There was plenty of talk last spring about Kris Bryant's demotion to Triple-A Iowa after he dominated spring training by hitting .425/.477/1.175 (no, that's not a misprint, that's a SLG of 1.175). He was 17-for-40 with nine home runs.
Even though Theo Epstein and his baseball brass said that the demotion was for "baseball reasons," it seemed evident that at least one reason for doing it was to keep Bryant in the minor leagues long enough so that the Cubs would get one extra year of team control. Bryant wound up being called up for "baseball reasons," when Mike Olt hit the disabled list after suffering a broken hand. Turned out that was one day after the Cubs got that one extra year of team control.
Much of this was forgotten during the Cubs' great year. But now, as Jeff Passan of Yahoo reports, Bryant (and also the Phillies' Maikel Franco) is filing a grievance regarding how the service-time issue was handled:
Chicago Cubs third baseman Kris Bryant and Philadelphia Phillies third baseman Maikel Franco have filed grievances against their teams alleging they were kept in the minor leagues unnecessarily and had their service time manipulated to delay future free agency, multiple major league sources told Yahoo Sports.

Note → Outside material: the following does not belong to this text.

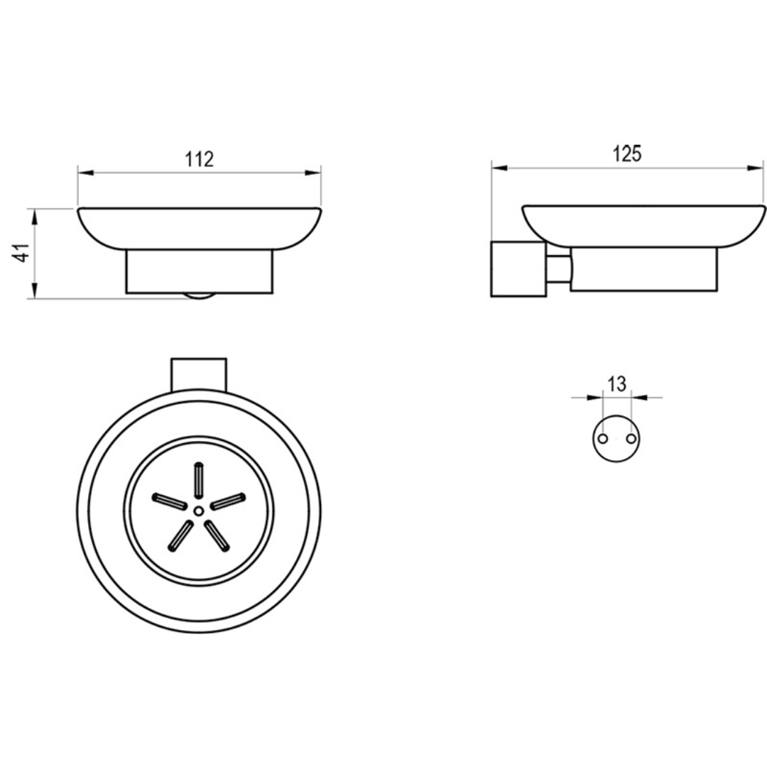 - Держатель для мыльницы крепится на двух дюбелях и регулировочной металлической зажимной пластине. Расстояние между винтами составляет 13 мм. Монтажный комплект входит в комплект. Держатель снабжен пластиковым кольцом с внутренней стороны для мягкого прилегания стеклянной емкости. Для внешней очистки рекомендуется использовать средство Ravak Cleaner Chrome.

Potential service-time manipulation looms as a significant issue with Major League Baseball and the MLB Players Association ramping up discussions on a new collective-bargaining agreement after the current one expires Dec. 1, 2016. While neither case has yet to reach an arbitration panel, according to sources, the grievances indicate that players believe teams have not abided by the intention of service-time rules and operated in bad faith.
According to the article, Bryant's grievance was filed last April, presumably not long after he was called up. Eight months later, the grievance has yet to be heard by an arbitrator.
Passan goes on to note:
Neither Cubs president Theo Epstein, nor Bryant’s agent, Scott Boras, replied to requests for comment from Yahoo Sports. Phillies general manager Matt Klentak declined to comment.
The ultimate question for arbitrator Fredric Horowitz would concern whether teams acted in good faith, a thorny threshold that could prove difficult to demonstrate. The Bryant and Franco cases certainly aren’t outliers. Multiple other players considered filing grievances, sources told Yahoo Sports, including Houston Astros outfielder George Springer and Pittsburgh Pirates outfielder Gregory Polanco.
Look, we all know the charade that the current collective-bargaining agreement forces teams to go through in this sort of thing because of the way it allocates service time. Obviously the player would like to get to free agency earlier and the team would like to keep the player longer, so the compromise struck created this system, which is... a pretty bad one, in my opinion. It doesn't really make anyone happy. In this case the Cubs got what they wanted -- the extra year -- but in doing so they clearly didn't make Bryant (nor his agent) happy. Obviously, it didn't hurt Bryant's performance on the field at all, as he won the Rookie of the Year award and finished 11th in National League MVP voting.
It will be interesting to see what's ruled in this case and what, if any, penalty is assessed against the Cubs if Horowitz rules against them. (My guess: he won't, for reasons as noted by Passan above, that the threshold of "good faith" is too hard to prove.)
One thing is for sure: both sides have good reason to see this system changed in the next CBA.
If you were creating a system like this, how would you do it?